===== Working data =====
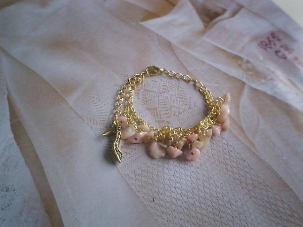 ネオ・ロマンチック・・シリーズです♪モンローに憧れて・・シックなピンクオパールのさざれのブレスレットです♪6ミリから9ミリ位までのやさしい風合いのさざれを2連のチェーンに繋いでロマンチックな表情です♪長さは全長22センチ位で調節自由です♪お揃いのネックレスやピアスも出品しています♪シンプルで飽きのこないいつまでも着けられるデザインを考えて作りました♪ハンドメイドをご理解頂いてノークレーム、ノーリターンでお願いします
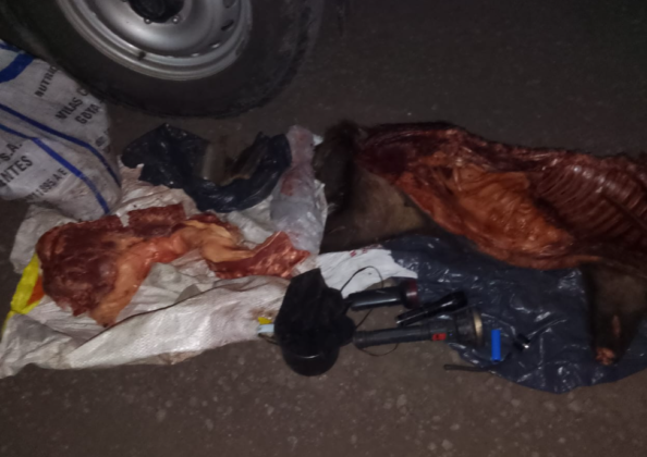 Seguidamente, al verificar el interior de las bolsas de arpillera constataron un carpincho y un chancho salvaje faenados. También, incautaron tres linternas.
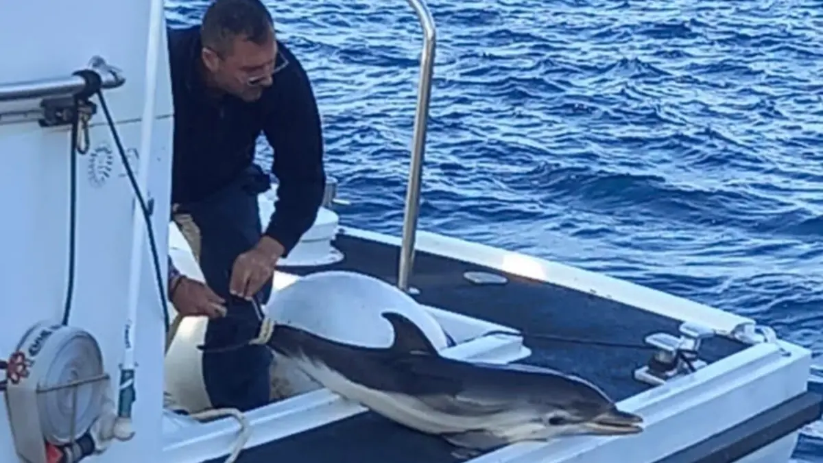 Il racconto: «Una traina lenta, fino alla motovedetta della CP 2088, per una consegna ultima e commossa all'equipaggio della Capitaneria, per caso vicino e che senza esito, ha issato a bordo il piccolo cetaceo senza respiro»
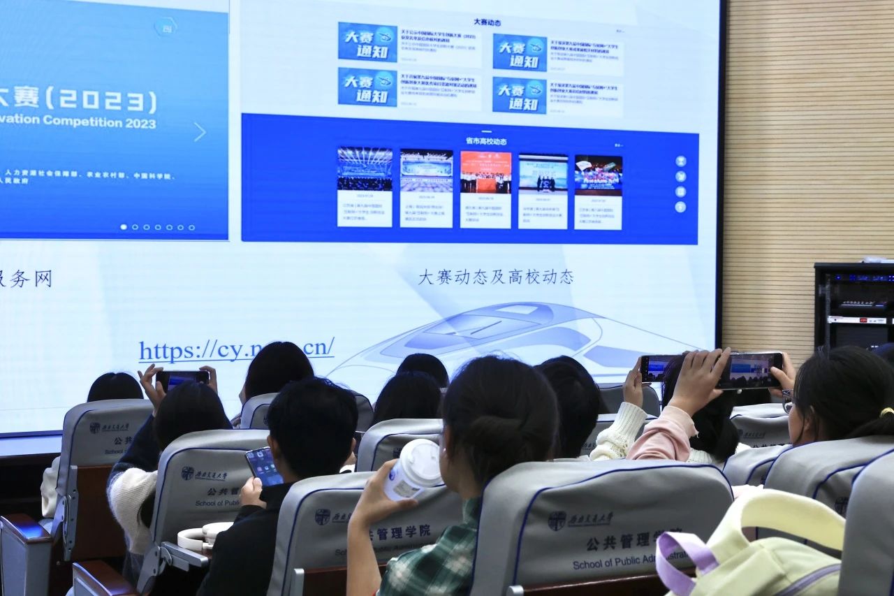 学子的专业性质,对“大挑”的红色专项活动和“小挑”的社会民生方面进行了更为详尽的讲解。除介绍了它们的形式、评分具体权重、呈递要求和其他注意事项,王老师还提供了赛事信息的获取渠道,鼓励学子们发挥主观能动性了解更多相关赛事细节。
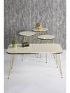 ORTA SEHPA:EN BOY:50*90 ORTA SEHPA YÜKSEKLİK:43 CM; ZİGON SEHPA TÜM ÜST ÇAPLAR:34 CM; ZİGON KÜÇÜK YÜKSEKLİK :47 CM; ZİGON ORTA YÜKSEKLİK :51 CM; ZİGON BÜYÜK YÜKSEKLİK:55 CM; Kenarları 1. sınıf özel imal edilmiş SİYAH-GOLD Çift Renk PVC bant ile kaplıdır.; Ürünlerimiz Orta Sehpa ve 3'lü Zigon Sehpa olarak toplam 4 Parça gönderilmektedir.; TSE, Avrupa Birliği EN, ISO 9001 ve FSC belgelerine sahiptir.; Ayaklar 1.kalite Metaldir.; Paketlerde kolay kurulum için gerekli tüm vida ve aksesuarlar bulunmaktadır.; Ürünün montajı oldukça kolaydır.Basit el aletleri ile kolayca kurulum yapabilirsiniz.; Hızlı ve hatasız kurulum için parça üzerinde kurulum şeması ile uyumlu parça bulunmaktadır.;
=====
### [Requirement]
Within the entries above, the lines from the one containing "Seguidamente, al verificar" through the one containing "traina lenta, fino" are to be transcribed exactly, ends included, pictures excluded.

### [Solution]
 Seguidamente, al verificar el interior de las bolsas de arpillera constataron un carpincho y un chancho salvaje faenados. También, incautaron tres linternas.
 Il racconto: «Una traina lenta, fino alla motovedetta della CP 2088, per una consegna ultima e commossa all'equipaggio della Capitaneria, per caso vicino e che senza esito, ha issato a bordo il piccolo cetaceo senza respiro»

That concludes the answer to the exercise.